## Exercise data
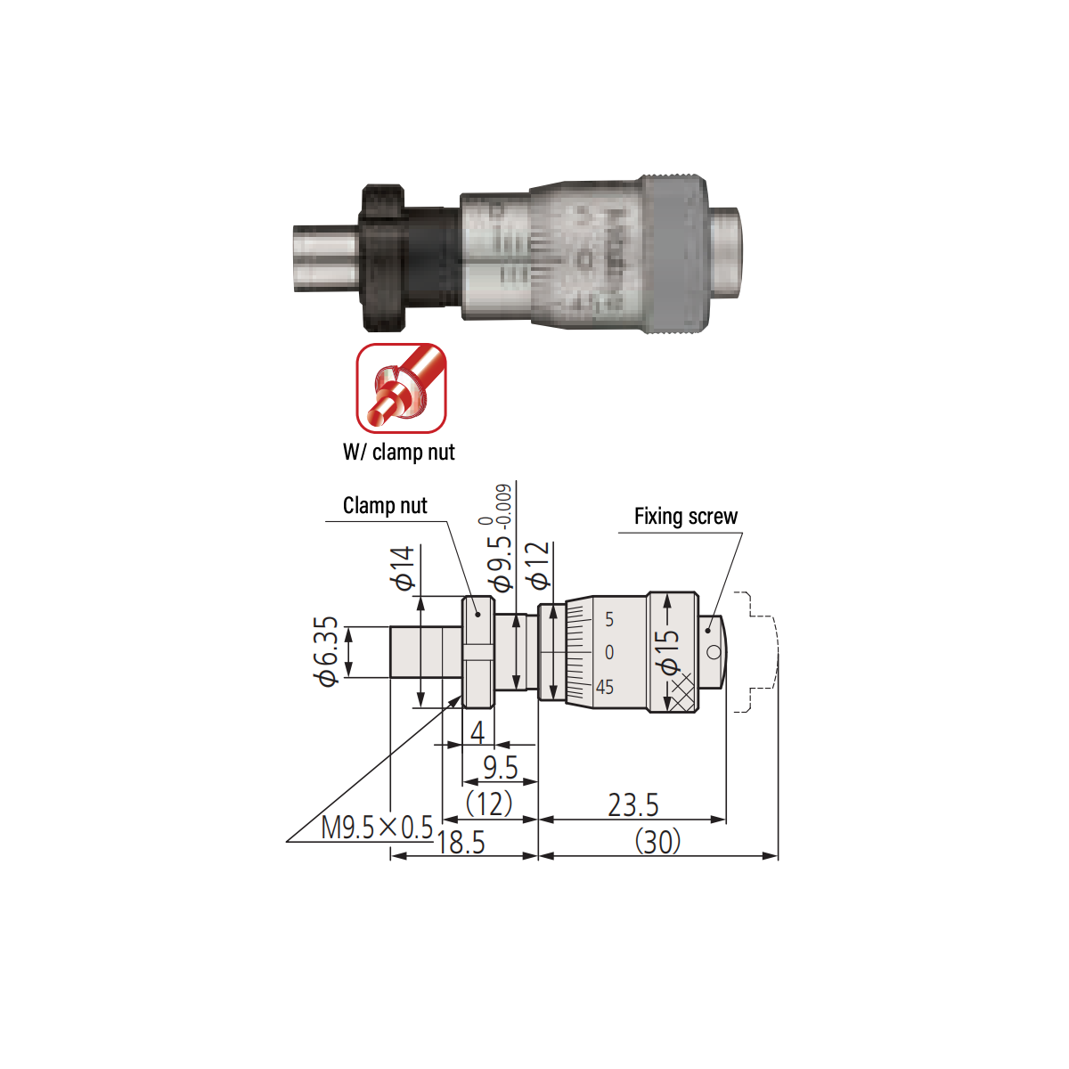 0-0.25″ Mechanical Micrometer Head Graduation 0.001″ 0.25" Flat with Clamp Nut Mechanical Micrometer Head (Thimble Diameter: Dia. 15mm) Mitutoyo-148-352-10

--

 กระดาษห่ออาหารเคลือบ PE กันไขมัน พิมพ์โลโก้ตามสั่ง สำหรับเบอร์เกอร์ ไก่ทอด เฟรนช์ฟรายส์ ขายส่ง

---

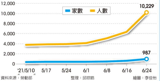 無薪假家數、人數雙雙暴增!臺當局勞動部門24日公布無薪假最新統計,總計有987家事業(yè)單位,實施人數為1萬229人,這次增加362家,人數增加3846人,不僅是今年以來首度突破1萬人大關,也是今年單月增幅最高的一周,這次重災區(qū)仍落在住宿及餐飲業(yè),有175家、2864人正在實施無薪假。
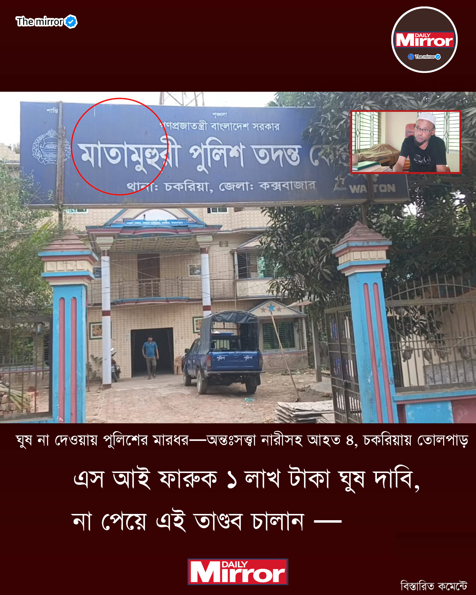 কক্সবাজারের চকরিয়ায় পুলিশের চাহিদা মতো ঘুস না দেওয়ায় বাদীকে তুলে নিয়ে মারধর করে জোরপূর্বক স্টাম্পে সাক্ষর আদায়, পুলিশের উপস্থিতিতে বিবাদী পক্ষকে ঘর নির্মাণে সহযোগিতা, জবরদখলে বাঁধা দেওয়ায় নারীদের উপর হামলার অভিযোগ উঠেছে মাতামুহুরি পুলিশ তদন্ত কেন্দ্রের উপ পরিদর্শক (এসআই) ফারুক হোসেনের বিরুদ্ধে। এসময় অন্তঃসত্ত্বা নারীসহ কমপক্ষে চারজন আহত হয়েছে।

## Your goal
Having found the line with "無薪假家數、人數雙雙暴增!臺" and the line with "কক্সবাজারের চকরিয়ায় পুলিশের" in the material above, write out exactly those two and every line between, leaving the pictures out.

## Solution below
 無薪假家數、人數雙雙暴增!臺當局勞動部門24日公布無薪假最新統計,總計有987家事業(yè)單位,實施人數為1萬229人,這次增加362家,人數增加3846人,不僅是今年以來首度突破1萬人大關,也是今年單月增幅最高的一周,這次重災區(qū)仍落在住宿及餐飲業(yè),有175家、2864人正在實施無薪假。
 কক্সবাজারের চকরিয়ায় পুলিশের চাহিদা মতো ঘুস না দেওয়ায় বাদীকে তুলে নিয়ে মারধর করে জোরপূর্বক স্টাম্পে সাক্ষর আদায়, পুলিশের উপস্থিতিতে বিবাদী পক্ষকে ঘর নির্মাণে সহযোগিতা, জবরদখলে বাঁধা দেওয়ায় নারীদের উপর হামলার অভিযোগ উঠেছে মাতামুহুরি পুলিশ তদন্ত কেন্দ্রের উপ পরিদর্শক (এসআই) ফারুক হোসেনের বিরুদ্ধে। এসময় অন্তঃসত্ত্বা নারীসহ কমপক্ষে চারজন আহত হয়েছে।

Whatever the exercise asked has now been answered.